NEW YORK – An American student extradited from London on charges that he provided Al Qadea fighters with equipment to attack U.S. soldiers is an activist, not a terrorist, his lawyer said Tuesday after the man pleaded not guilty.
"These charges are unfounded," the lawyer, Sean Maher, told reporters.
Syed Hashmi, a 27-year-old former New York resident, was the first terrorism suspect extradited to the United States by British authorities. He arrived shortly before midnight Friday to face a May 2006 indictment.
On Tuesday, Hashmi smiled at a dozen family members and friends as he was led out of the courtroom. He will be detained pending a bail hearing scheduled for Friday.
"He is not a terrorist. He is an academic. He's been a political activist," his lawyer said.
Maher said Hashmi has been outspoken at rallies, mostly in the United States, about his views opposing some U.S. policies, though he would not be more specific.
Prosecutors accuse Hashmi, who was born in Pakistan and is also known as "Fahad," of supplying unspecified equipment for Al Qadea "to fight against United States forces in Afghanistan."

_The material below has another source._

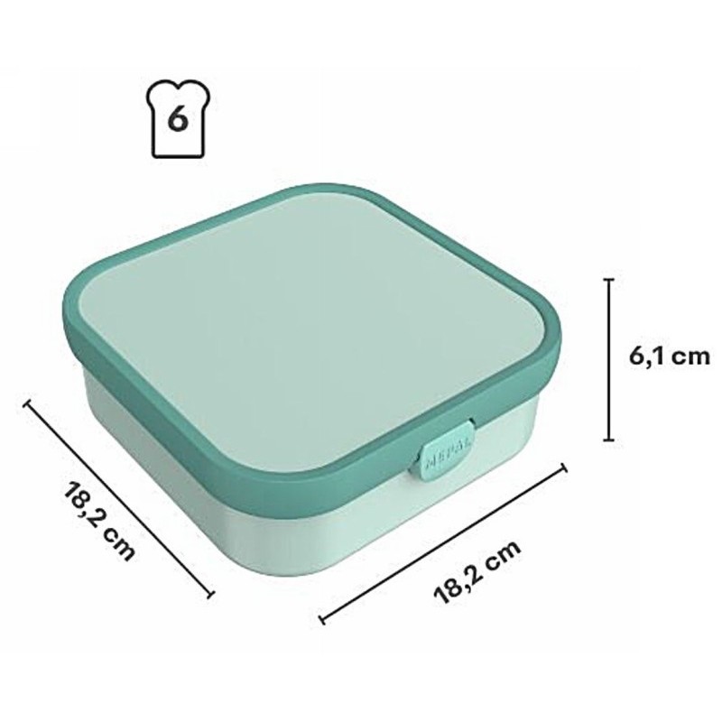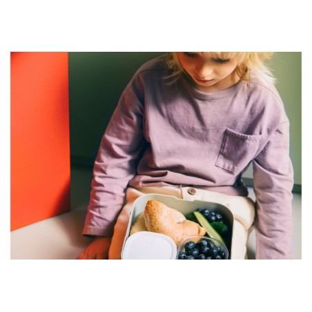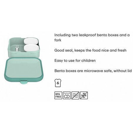 Dėžutė padalinta į dvi atskiras dalis, todėl visi produktai išlieka švieži ir nesusimaišo. Norite tik sumuštinių? Paprasčiausiai išimkite „bento“ indelius ir turėsite daug vietos. Po naudojimo tiek pagrindinę dėžutę, tiek indelius galima patogiai išplauti indaplovėje. Indeliai taip pat tinkami naudoti mikrobangų krosnelėje (be dangtelio).

Maher said he had not seen the government's evidence but believed the equipment was "glorified camping equipment" including sleeping bags and goggles.
Before Hashmi was arrested June 6 as he boarded a flight to Pakistan at Heathrow Airport, he had lived in Britain for three years. He opposed extradition, but the British High Court ruled against him in March.
If convicted, he could face up to 50 years in prison. Among charges in the three-count indictment was the top count of conspiring to contribute funds, goods or services to the terrorist group.
Law enforcement officials have said Hashmi was associated with another Queens man, Mohammed Junaid Babar, who pleaded guilty in August 2004 to smuggling night-vision goggles, money and military supplies to an Al Qadea official establishing a "jihad training camp" in Pakistan.
The Hashmi indictment mentioned the prior arrest of an unidentified co-conspirator, which Maher said he believed referred to Babar.